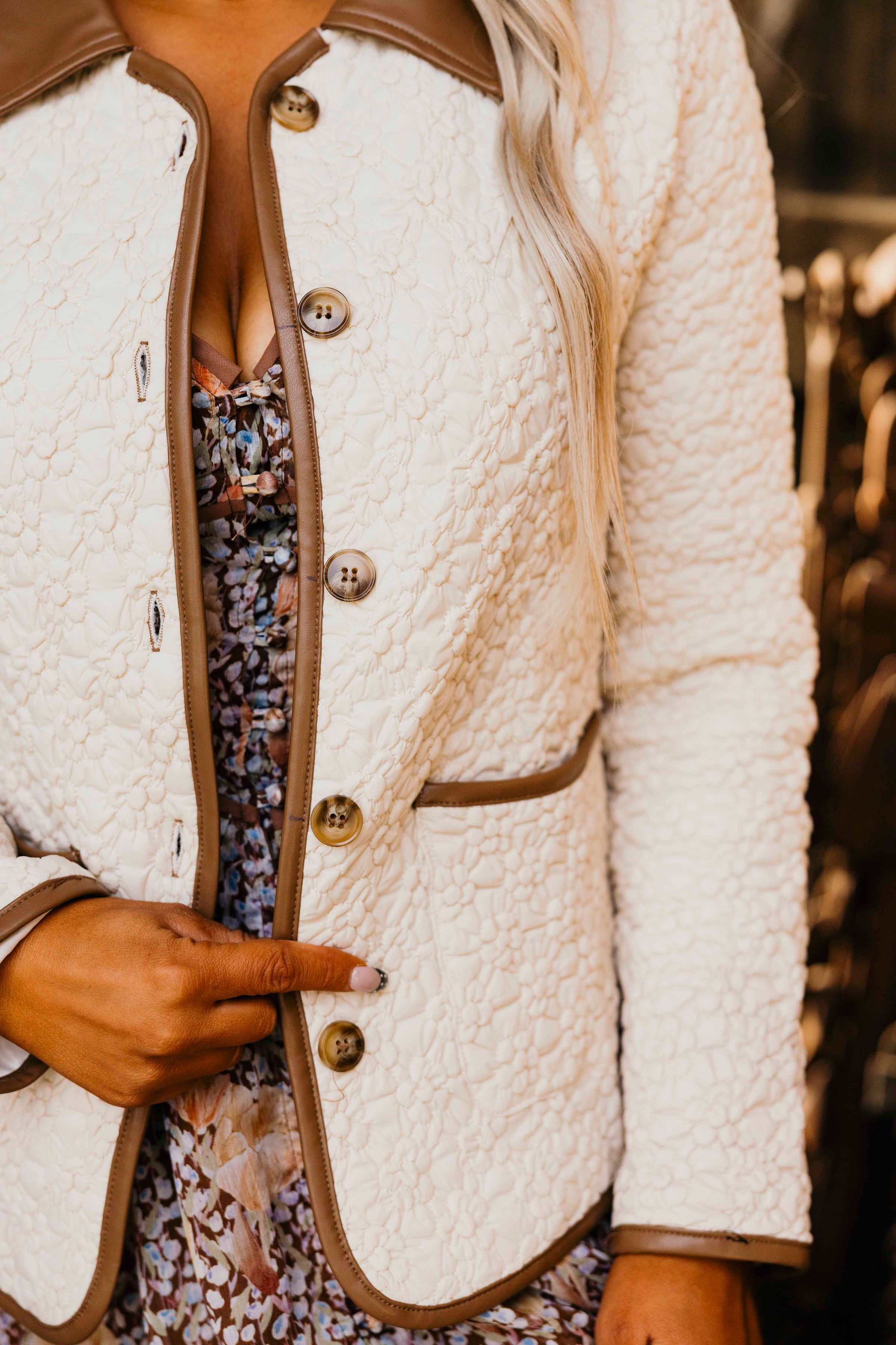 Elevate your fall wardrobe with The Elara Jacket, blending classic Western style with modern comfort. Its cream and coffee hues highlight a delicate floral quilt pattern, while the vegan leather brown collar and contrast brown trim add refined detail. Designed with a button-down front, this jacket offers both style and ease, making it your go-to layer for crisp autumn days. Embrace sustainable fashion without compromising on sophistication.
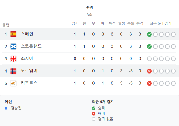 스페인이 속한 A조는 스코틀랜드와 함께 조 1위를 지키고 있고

---

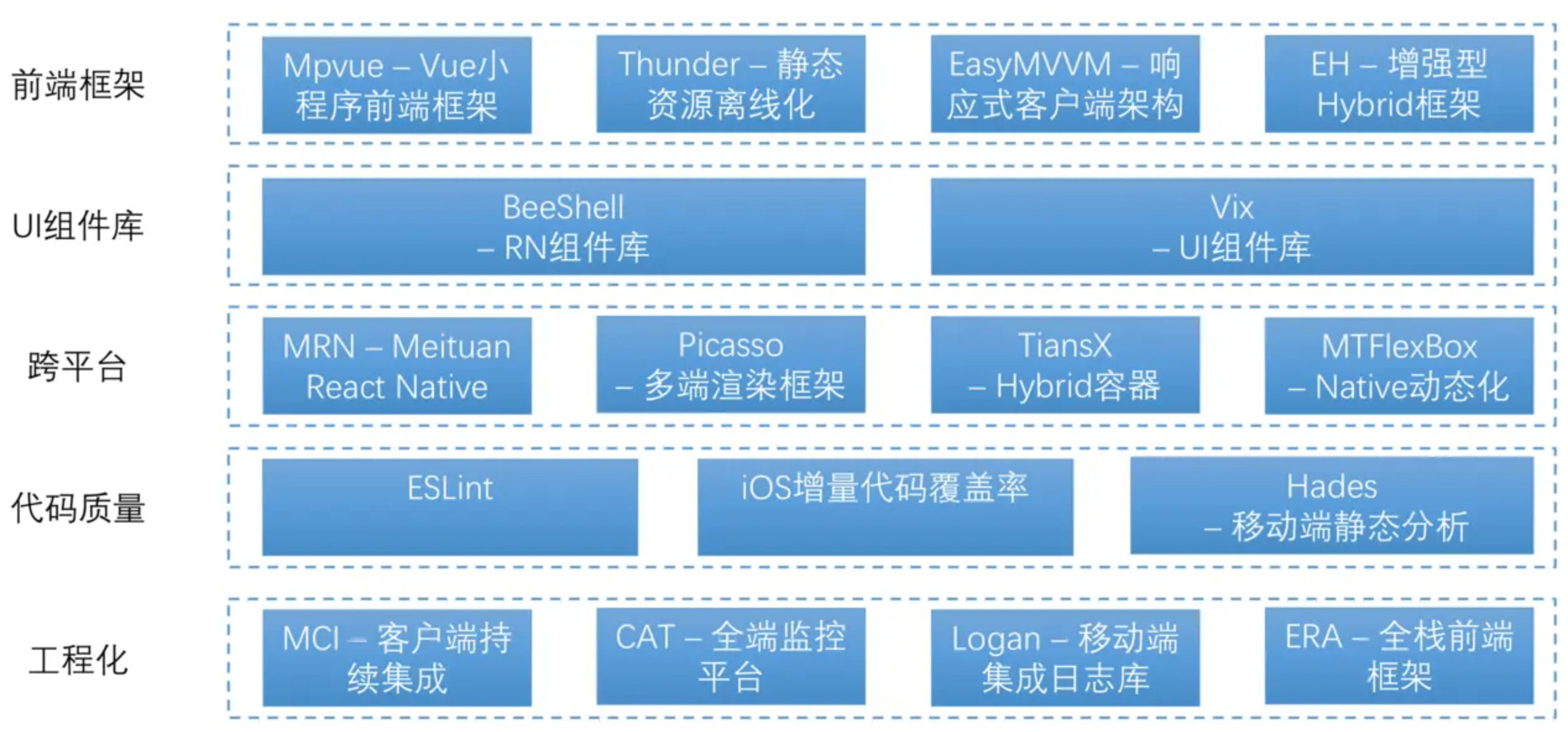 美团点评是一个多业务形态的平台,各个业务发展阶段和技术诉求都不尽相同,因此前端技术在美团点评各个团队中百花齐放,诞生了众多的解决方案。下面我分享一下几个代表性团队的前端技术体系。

■ TASK GOAL
Look above and copy only the lines from the one holding "Elevate your fall" to the one holding "스페인이 속한 A조는 스코틀랜드와 함께 조 1위를 지키고 있고", both included, exactly, minus the pictures.

■ TASK ANSWER
 Elevate your fall wardrobe with The Elara Jacket, blending classic Western style with modern comfort. Its cream and coffee hues highlight a delicate floral quilt pattern, while the vegan leather brown collar and contrast brown trim add refined detail. Designed with a button-down front, this jacket offers both style and ease, making it your go-to layer for crisp autumn days. Embrace sustainable fashion without compromising on sophistication.
 스페인이 속한 A조는 스코틀랜드와 함께 조 1위를 지키고 있고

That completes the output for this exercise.